Add a test for measuring client instantiation time
https://github.com/prisma/prisma/issues/8178
What's our approach to benchmarking on CI (and do we have one)? My concern about having this as a regular test is that it's going to be either extremely flaky or not extremely useful. Even in the referenced issue the reproduction took 4.5 seconds on the reporter's machine and 0.4 (actually like 0.36 when I increased the number of digits in .toFixed(1)) seconds on my machine.
cachegrind + valgrind are the way to benchmark things consistently across devices, not matter the CPU or the RAM on the machine. For instance, if you run cachegrind on [email protected] (on the repro example in the issue linked above):
$ valgrind --tool=cachegrind node src/index.js
==274519== I refs: 1,954,879,183
If you re-run that, you get similar results:
$ valgrind --tool=cachegrind node src/index.js
==276009== I refs: 1,950,136,208
And if you run this on the latest prisma 3:
$ valgrind --tool=cachegrind node src/index.js
==277339== I refs: 994,343,618
And again on prisma 3, but with my CPU at 0.80GHz:
$ valgrind --tool=cachegrind node src/index.js
==277823== I refs: 990,733,662
By looking at the total CPU instructions, it gives us a good way to tap into real performance on CI or any other device consistently. One case where I see this failing is on a machine with very limited RAM (lots of garbage collection). As you can see, there's a bit of jitter because of the Node.js runtime. Considering that, we could check that it never exceeds 1-2% jitter.

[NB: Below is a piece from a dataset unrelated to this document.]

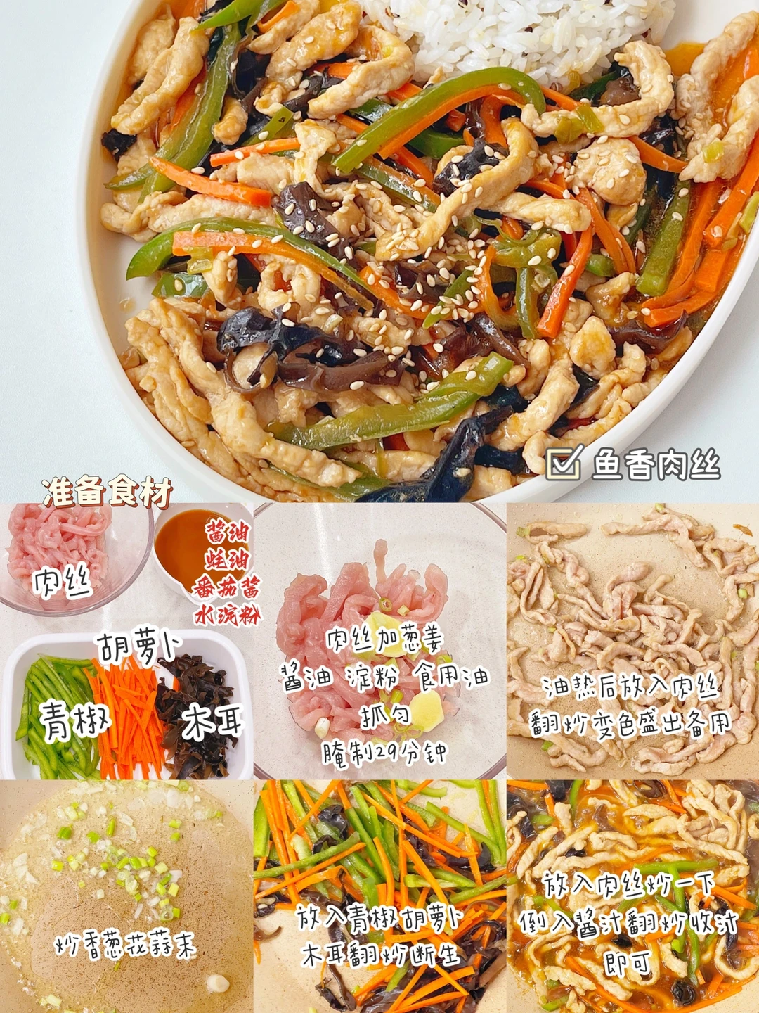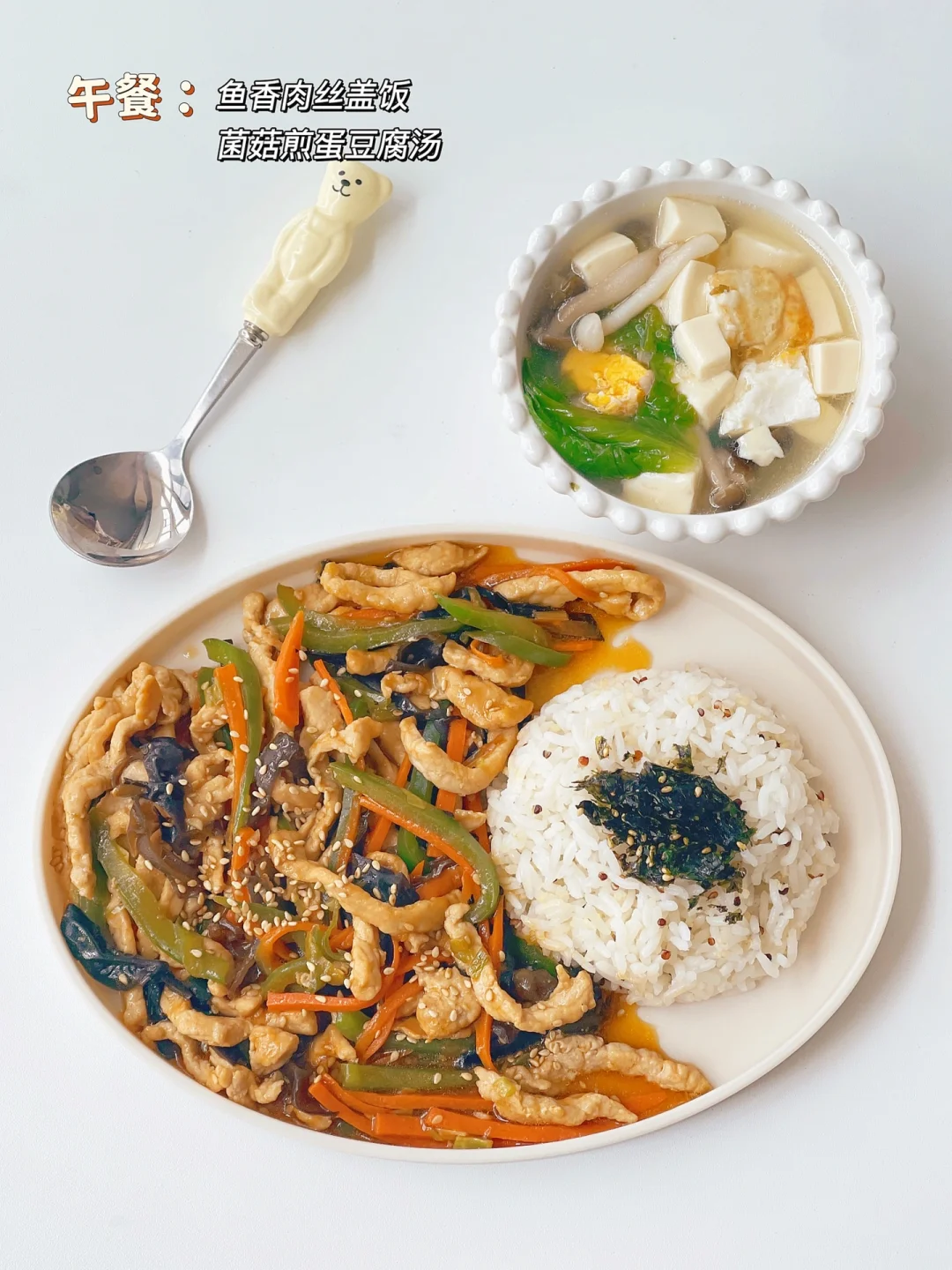 ✅午餐:鱼香肉丝盖饭、菌菇煎蛋豆腐汤

https://valgrind.org/docs/manual/cg-manual.html#cg-manual.overview
Folks at SQLite have been using this for years too https://www.sqlite.org/cpu.html
This is amazing, and definitely the way to go π We might even want to profile other metrics in a similar fashion, like the number of IO operations or even syscalls in general (which would have been much more important than the number of instructions in the context of https://github.com/prisma/prisma/issues/8178).
benchmark things consistently across devices, not matter the CPU
FWIW, I don't think it will necessary work consistently across devices. Even if we factor out things like different Node.js versions, different compilers Node.js is built with, different libc versions etc, we can't factor out different CPU architectures: the numbers will be different and won't be comparable.
That said, those differences may be interesting themselves. For example, I get 15% lower number for Prisma 2.26
==698== I refs: 1,662,717,422
and 5% lower number for Prisma 3.3
==1090== I refs: 939,571,062
and... it's really strange? I mean, I would expect the total instructions count to be much higher for a RISC architecture with lots of loads and stores as separate instructions. One possible explanation is that, apparently, JavaScript code is much better optimized by V8 on ARM64 than on x86_64, or so it seems.
Hmmm, that's interesting. I definitely did not account for the CPU architecture, good catch! Luckily, that's something that is consistent on the default GH Actions.